1. Introduction & Controller Identity

This Privacy Policy explains how bodurvexn ("we", "us") collects, uses, and protects your personal data when you visit our website. The site is an educational platform focused on bicycle sales and bicycle retail management training. We use your data to provide registration handling, respond to messages, maintain site security, and—only where you choose—measure usage and advertising performance.

Data Controller: Bodurvexn Learning GmbH, Mostecká 273/21, Malá Strana (Praha 1), 118 00 Praha, Czechia. Contact email: [email protected]. Phone: +420 257 531 842.

Effective Date: March 12, 2026. If we materially change how we use personal data, we will publish a notice on the site before the change takes effect.

2. Personal Data We Collect

We collect personal data in a limited and practical way. The specific data depends on how you interact with the website (registration, contacting support, and your cookie choices). The categories below describe what we may collect.

• Identity and contact data: first name, last name, email address, and (if provided elsewhere) phone number.
• Registration data: the password you enter in the registration form. For security reasons, passwords should be unique and strong. We do not request or need sensitive personal information for training registration.
• Form content: the content of messages you submit through our contact form, including any details you choose to share about your learning needs or course access questions.
• Technical data: IP address, device type, browser type/version, operating system, language preferences, and approximate location derived from IP (city/region level).
• Usage data: pages visited, time spent on pages, referrer page, click paths, and interaction events (for example, whether a form was started or completed).
• Cookies and identifiers: cookie values and similar identifiers that store preferences or support measurement (see Section 4).
• Conversion events: basic events that indicate a user completed a step, such as a completed form submission.

We do not intentionally collect special-category data (such as health information, religious beliefs, political opinions), financial account details, or government identification numbers. Please avoid entering sensitive personal information in free-text fields.

3. Why We Process Data & Legal Basis (GDPR Art. 6)

If you are located in the European Economic Area (EEA) or the United Kingdom, we process personal data under the lawful bases listed below. When other laws apply, we process data using equivalent lawful grounds (for example, consent, contract necessity, and legitimate interests).

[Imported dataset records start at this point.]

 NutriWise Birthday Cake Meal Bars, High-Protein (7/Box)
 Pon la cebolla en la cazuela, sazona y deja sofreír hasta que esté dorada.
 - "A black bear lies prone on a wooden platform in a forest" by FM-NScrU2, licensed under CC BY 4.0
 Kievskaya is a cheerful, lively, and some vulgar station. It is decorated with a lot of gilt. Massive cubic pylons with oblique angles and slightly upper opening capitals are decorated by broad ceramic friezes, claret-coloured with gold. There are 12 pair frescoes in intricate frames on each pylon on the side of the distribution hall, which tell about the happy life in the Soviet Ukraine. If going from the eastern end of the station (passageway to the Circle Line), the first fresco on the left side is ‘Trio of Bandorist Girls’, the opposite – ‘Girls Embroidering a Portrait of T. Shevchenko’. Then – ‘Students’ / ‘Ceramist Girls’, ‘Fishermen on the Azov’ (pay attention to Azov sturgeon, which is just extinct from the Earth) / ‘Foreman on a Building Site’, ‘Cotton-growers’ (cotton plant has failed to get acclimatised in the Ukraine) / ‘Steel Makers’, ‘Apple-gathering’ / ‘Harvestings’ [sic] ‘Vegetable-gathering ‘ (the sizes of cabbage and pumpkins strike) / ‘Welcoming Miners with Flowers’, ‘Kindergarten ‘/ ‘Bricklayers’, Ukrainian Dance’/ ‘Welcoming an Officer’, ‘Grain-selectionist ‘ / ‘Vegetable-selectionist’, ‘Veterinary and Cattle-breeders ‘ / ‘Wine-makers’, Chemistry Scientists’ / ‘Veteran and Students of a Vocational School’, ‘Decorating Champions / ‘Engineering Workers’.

• Course registration handling: to receive and process your registration details and send course access communications. Legal basis: Art. 6(1)(b) (contract steps) and, where we rely on your permission to contact you, Art. 6(1)(a) (consent).
• Support and communications: to respond to inquiries and resolve access issues. Legal basis: Art. 6(1)(b) and/or Art. 6(1)(f) (legitimate interest in providing support).
• Analytics (optional): to understand which pages are most useful and improve the training information we publish. Legal basis: Art. 6(1)(a) (consent).
• Marketing/remarketing (optional): to measure ad performance and show relevant messages to people who have interacted with the site. Legal basis: Art. 6(1)(a) (consent).
• Security and fraud prevention: to keep the website reliable, detect abuse, and protect the integrity of forms. Legal basis: Art. 6(1)(f) (legitimate interest).
• Legal obligations: to comply with applicable laws and respond to lawful requests. Legal basis: Art. 6(1)(c) (legal obligation).

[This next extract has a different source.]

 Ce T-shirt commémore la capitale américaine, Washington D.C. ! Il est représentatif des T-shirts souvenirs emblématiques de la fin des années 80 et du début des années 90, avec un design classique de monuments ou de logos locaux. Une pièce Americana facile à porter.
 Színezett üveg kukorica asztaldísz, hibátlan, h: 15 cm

Automated Decision-Making (Art. 22): We do not engage in automated decision-making or profiling that produces legal or similarly significant effects.

4. Cookies & Tracking

Cookies are small text files stored on your device. We use cookies and similar technologies to run core site functions and, if you opt in, to measure usage and marketing effectiveness. Some measurement can also be performed via pixel tags and server-side events. Your cookie choices are managed through the cookie banner and preferences panel available on the site.

We use the following categories. These categories match our Cookie Policy.

Essential (always active)

Essential cookies are required for the site to function and cannot be switched off in our system. These cookies support core features like session continuity and storing your consent settings. Examples include _site_session and cookie_consent. Retention ranges from session duration to 12 months, depending on the cookie.

Analytics (consent required)

Analytics cookies help us understand how the website is used so we can improve content and navigation. Where enabled, we use Google Analytics 4 (GA4) with IP anonymization. Example cookies include _ga and _ga_XXXXXXXXXX. Analytics retention is configured for 14 months.

Marketing (consent required)

Marketing cookies are used to measure advertising performance and support relevant messaging. Where enabled, they may include cookies from Google Ads and Meta such as _gcl_au, _fbp, and _fbc. These identifiers help with remarketing, conversion attribution, and audience measurement.

Beyond cookies, we may use pixel tags (for example, via gtag.js or Meta Pixel) and may send server-side events (for example, via a server-side tag manager or conversion APIs). Where applicable, identifiers may be hashed before transmission. These features are activated only when you provide the relevant consent.

5. Consent (EEA/UK)

Users in the EEA and UK receive a consent notice under GDPR/UK GDPR. Analytics and marketing cookies activate only after explicit, informed, freely given consent (Art. 6(1)(a)). Your preferences are recorded in the cookie_consent browser cookie (12 months). You can withdraw consent at any time using the “Manage cookie preferences” link in the footer or by clearing your browser cookies.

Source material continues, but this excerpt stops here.